(Bloomberg) -- Texas Comptroller Glenn Hegar says he wants financial services firms to be transparent in their environmental, social and governance rhetoric.
Heger in an interview said that many Wall Street firms have “two thought processes” depending on which clients they deal with, crafting one narrative about divesting from fossil fuels, and another when trying to land business in the oil and gas industry.
Earlier this month he sent requests to major financial services firms like BlackRock Inc. and Invesco Ltd. seeking clarification of their fossil-fuel investment policies and procedures. The probe comes about six months after Texas -- the nation’s No. 1 oil and gas producer -- enacted a law that prohibited government contracts with or certain investments in companies that have shunned fossil-fuel producers.
“If a company on one hand says ‘I’m not investing in oil and gas, it’s a terrible industry,’ but in essence they’re doing business there, you have to ask are you telling the truth or are you making a story up?” he said in an interview in Austin on Wednesday.
“This list will bring light and transparency to what’s truly going on,” Hegar, a Republican, said. “One of the frustrations that I have right now is trying to quantify what does ESG mean?”

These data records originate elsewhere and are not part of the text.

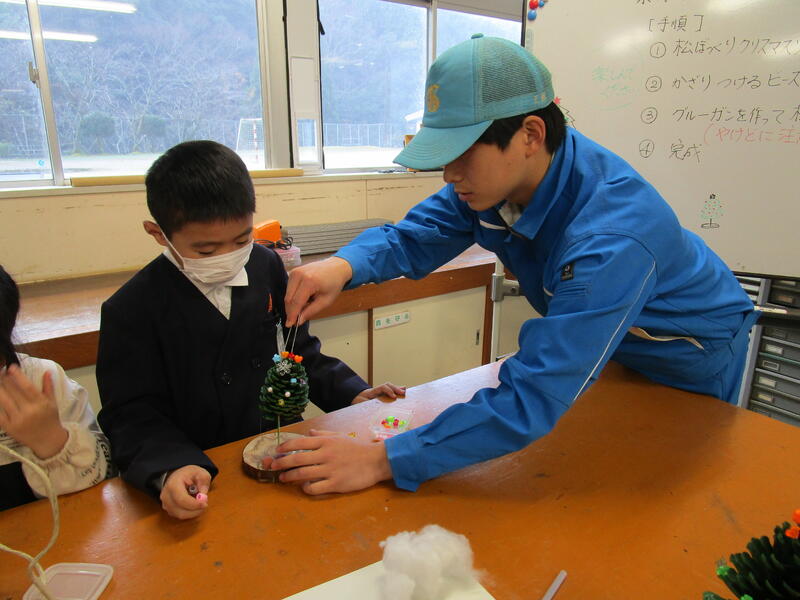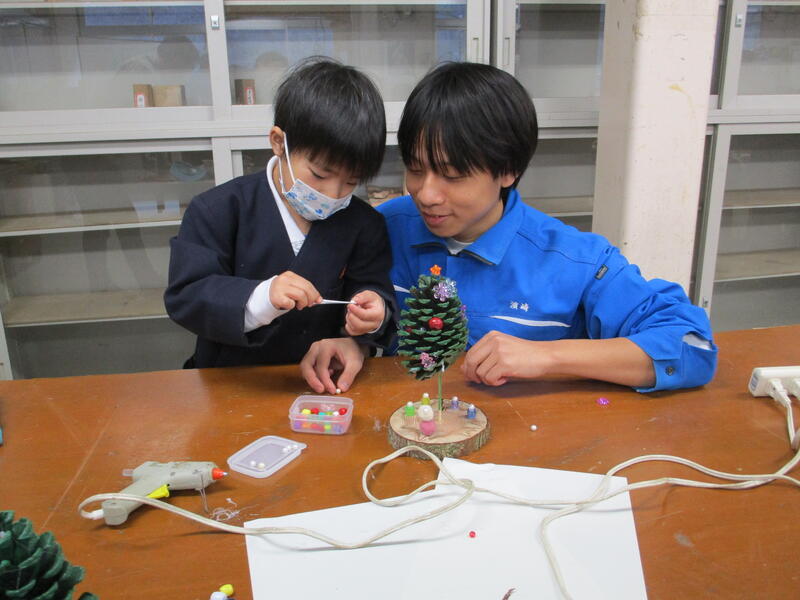 その後、高校生のお兄さんお姉さんに教えてもらいながら、小学生は夢中でツリーを作りました。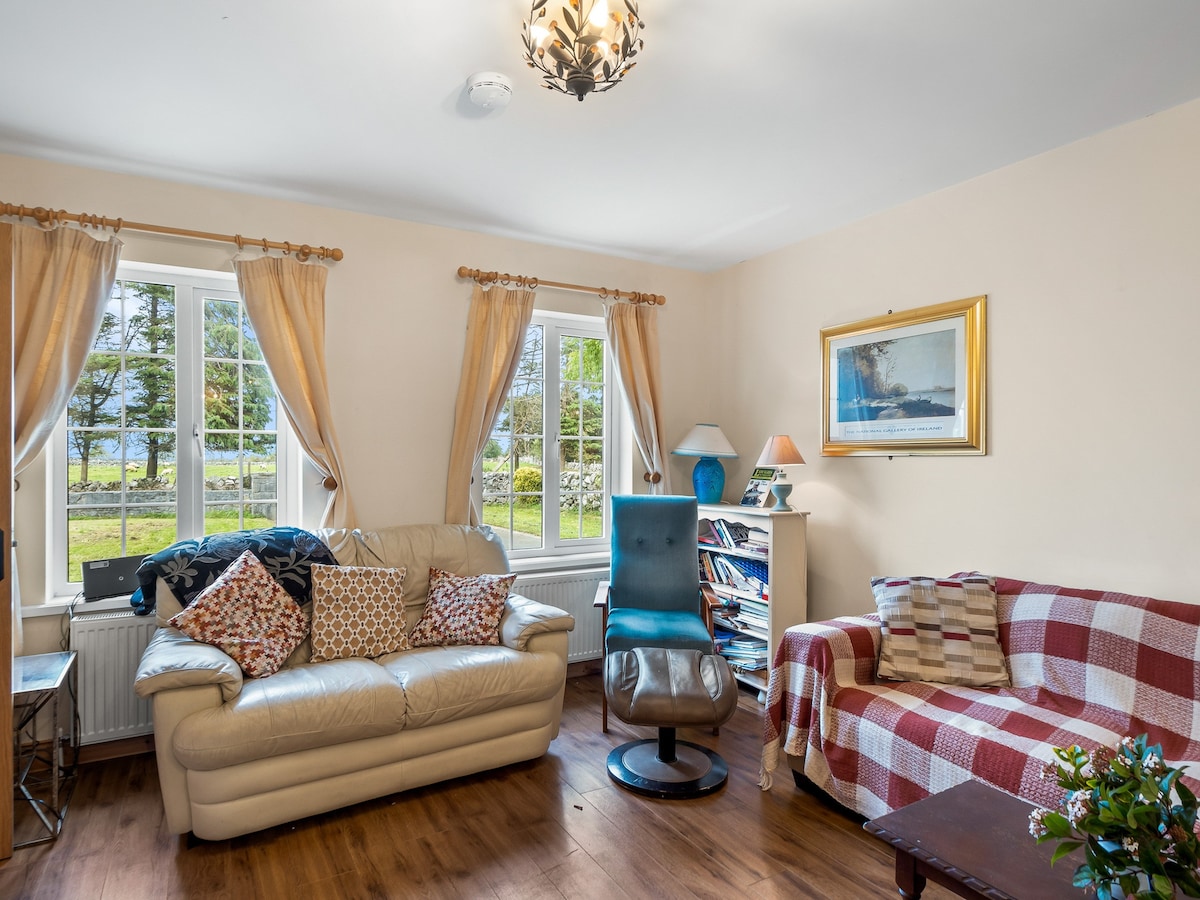 Sitting room has two 2 seater couches, Dvd player/TV with free-to-air channels. Oil central heating with wood burner & open fire. Selection of books, games & DVDs.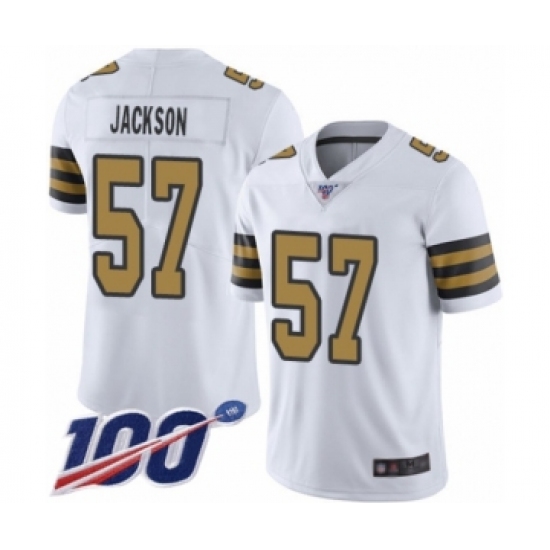 >Men's New Orleans Saints #57 Rickey Jackson Limited White Rush Vapor Untouchable 100th Season Football Jersey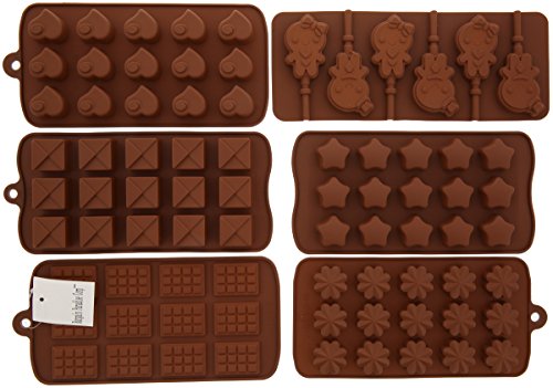 - 6pc VALUE PACK SET, Flexible, Sturdy and Non-Stick, So many designs with total 78 cavities, (Package comes with 5pc different shape Chocolate candy molds and 1pc lollipop mold with 30 lollipop sticks)

BlackRock, Invesco Queried by Texas on Fossil-Fuel Stance
Hegar wouldn’t comment on specific companies that will or will not be on the divestment list until the responses have been received and determinations are made. Companies have 60 days after receiving the letter to respond to the inquiry. He said that he’s had conversations with a few firms on their policies, but declined to say which firms he personally spoke with.
“The true narrative of what’s going on needs to be told and I think this will help bring that truth out,” he said. “If I’m going to entrust you with my dollars then I want to make sure you adhere to the policies that we believe.”
Texas has been a flash-point for Republican anger at Wall Street over social issues such as climate change and racial injustice. Lawmakers last year approved legislation intended to punish banks for adopting restrictive gun policies, a move that upended a crucial market for municipal finance. Bank of America, Goldman Sachs Group Inc. and JPMorgan Chase & Co. have halted underwriting for Texas and its municipalities.
Earlier this month a conservative Texas lawmaker warned Citigroup Inc. that it could be barred from underwriting municipal bonds and that company employees could face criminal prosecution unless the bank backs off its policy to pay for workers to travel outside of Texas for an abortion.